*WORK TO COMPLETE*.
The lines to return run from the start of the material below through the line holding "プリーツプリーズ イッセイミヤケ Aライン", both included; please give them back exactly, minus the pictures.

*DATA EXCERPT*.
+---+

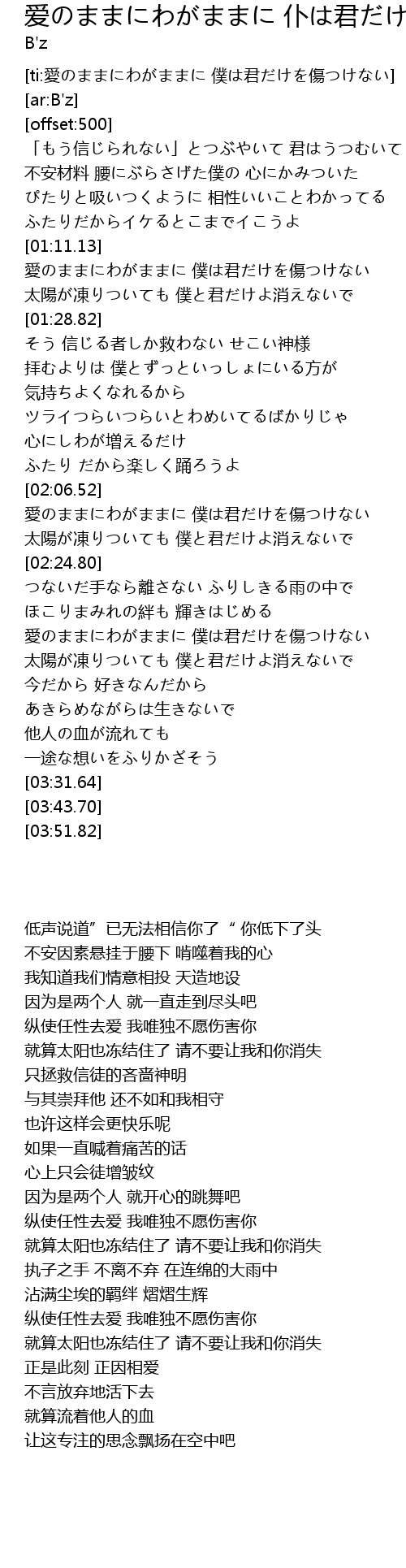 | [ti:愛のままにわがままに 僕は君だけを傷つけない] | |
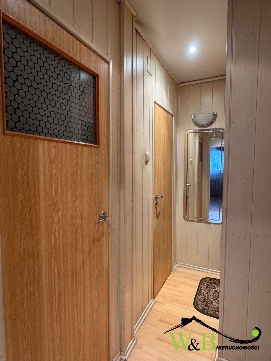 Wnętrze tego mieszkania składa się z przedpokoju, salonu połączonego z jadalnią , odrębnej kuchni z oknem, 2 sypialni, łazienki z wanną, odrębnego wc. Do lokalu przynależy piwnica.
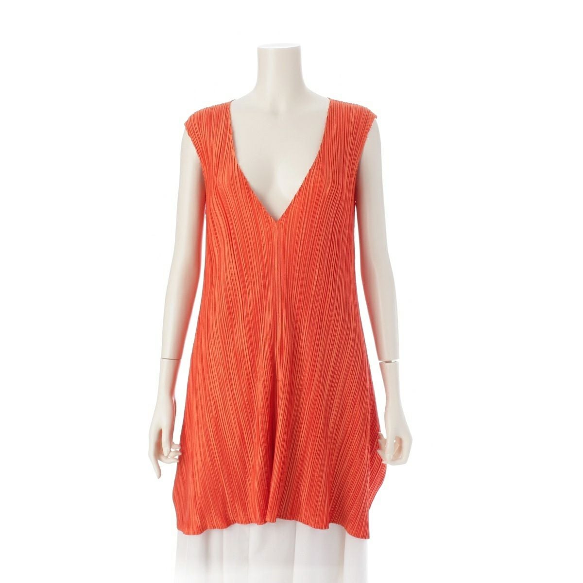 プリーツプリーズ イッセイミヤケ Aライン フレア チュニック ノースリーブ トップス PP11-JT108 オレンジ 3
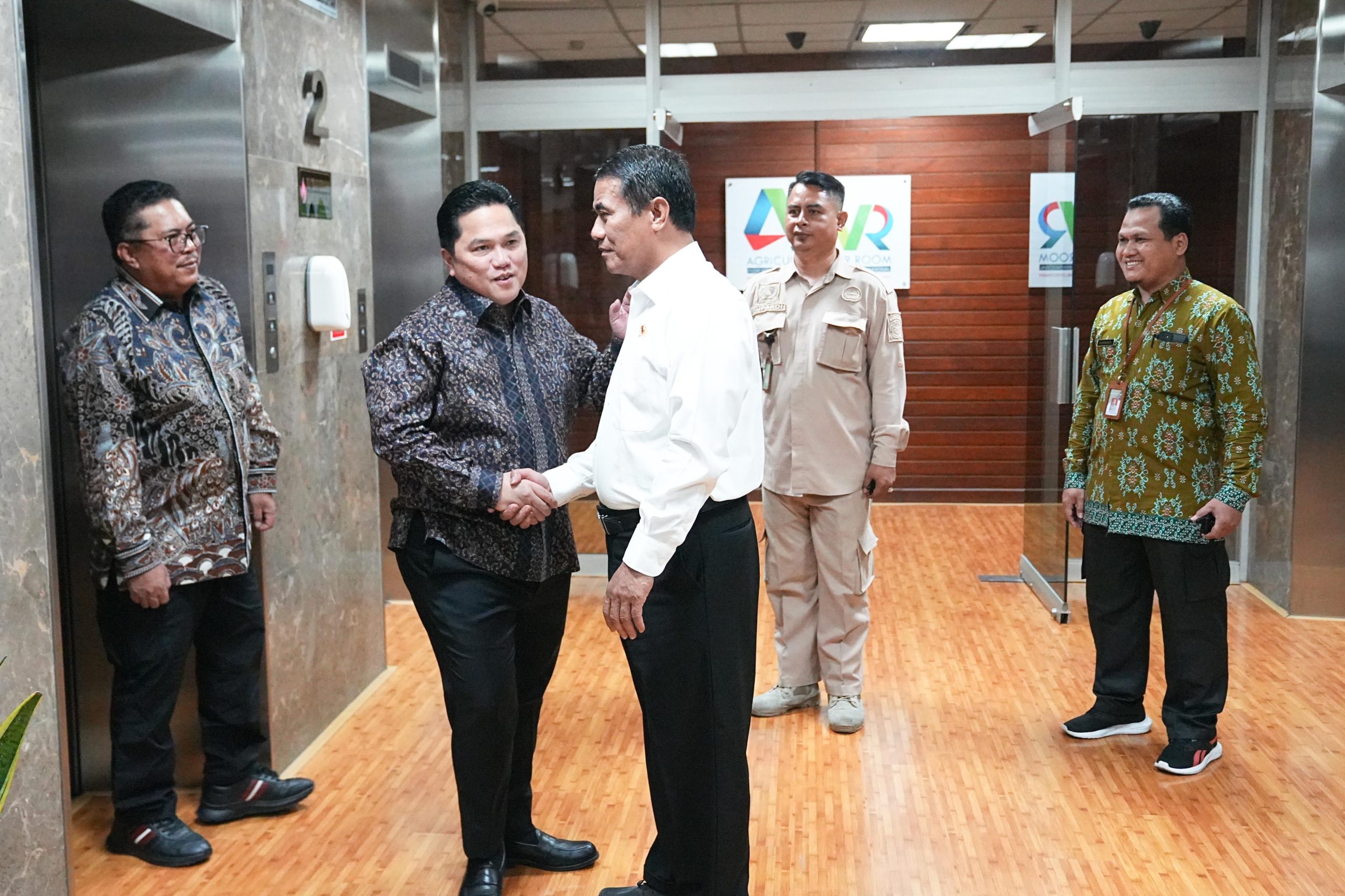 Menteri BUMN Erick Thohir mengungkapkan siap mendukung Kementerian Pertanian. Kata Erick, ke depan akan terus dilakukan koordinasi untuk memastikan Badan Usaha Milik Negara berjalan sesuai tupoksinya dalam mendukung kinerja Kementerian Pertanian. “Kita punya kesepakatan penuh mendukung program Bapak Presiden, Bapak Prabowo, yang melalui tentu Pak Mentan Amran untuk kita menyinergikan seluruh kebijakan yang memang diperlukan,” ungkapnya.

+---+

*TASK RESULT*.
 | [ti:愛のままにわがままに 僕は君だけを傷つけない] | |
 Wnętrze tego mieszkania składa się z przedpokoju, salonu połączonego z jadalnią , odrębnej kuchni z oknem, 2 sypialni, łazienki z wanną, odrębnego wc. Do lokalu przynależy piwnica.
 プリーツプリーズ イッセイミヤケ Aライン フレア チュニック ノースリーブ トップス PP11-JT108 オレンジ 3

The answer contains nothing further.